##### DATA SEGMENT #####

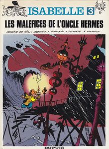 remarques: | scénario: Macherot, Franquin et Delporte album en 2 épisodes: 1) les maléfices de l'oncle Hermès Isabelle et sa tante Ursule sont convoquées par l'oncle Hermès, prisonnier d'une flamme, pour le tirer d'un mauvais sort imaginé par l'horrible sorcière Kalendula >> p. 4 la maison de l'oncle Hermès >> p. 8 Isabelle est la digne arrière-arrière petite-fille de son arrière-arrière grand oncle Hermès sur leur chemin, les difficultées s'accumulent mais grâce à Calendula, la gentille jolie nièce, de Kalendula la vieille, qui prend parti pour Isabelle et Hermès, le maléfice sur oncle Hermès sera conjuré 2) l'île dont on ne revient pas malencontreusement, Isabelle ressucite l'horrible sorcière Kalendula qui fait échouer nos 4 amis sur une île dont on ne revient pas, rencontre sur l'île avec le vieux amiral qui est retenu prisonnier sur l'île depuis 40 ans (on apprendra par la suite que c'est le mari de Kalendula) surveillé par les deux oiseaux de proie: Quantustremor et Futurus après plusieurs tentatives d'évasion infructueuses, nos amis réussiront à s'évader mais la vieille horrible Kalendula leur échappe en s'enfuyant sur son char des eaux >> p. 44 l'île flottante, mouvante et vivante >> l'action se précise et devient charmant et plus intéressante avec un graphisme bien exécuté n.b. c'est le premier album édité de la série, les albums no 1 et 2 seront publiés plus tard et seront moins intéressants |
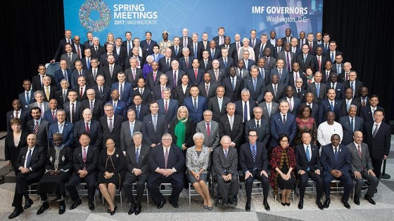 IMF-Dünya Bankası Bahar Toplantıları ve G20 Oturumları kapsamında ABD'nin başkenti Washington'da bulunan Şimşek, "IMF Guvernörleri Aile Fotoğrafı" çekiminde yer aldı.
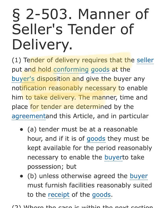 Tender of delivery requires that the seller or lessor hold the goods. The sellers or lessors. Make the goods available to the buyer for pick-up.
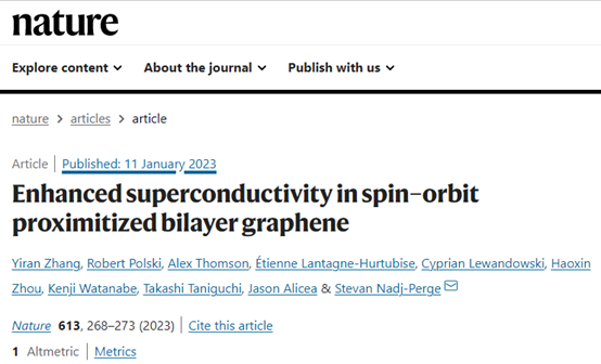 相关研究工作以“Enhanced superconductivity in spin–orbit proximitized bilayer graphene”为题发表在国际顶级期刊《Nature》上。

#####

→ **WHAT THIS TASK INVOLVES**: With pictures left out, transcribe each line from the one containing "Tender of delivery" through the end of the data, both ends included.

→ **SOLUTION**:
 Tender of delivery requires that the seller or lessor hold the goods. The sellers or lessors. Make the goods available to the buyer for pick-up.
 相关研究工作以“Enhanced superconductivity in spin–orbit proximitized bilayer graphene”为题发表在国际顶级期刊《Nature》上。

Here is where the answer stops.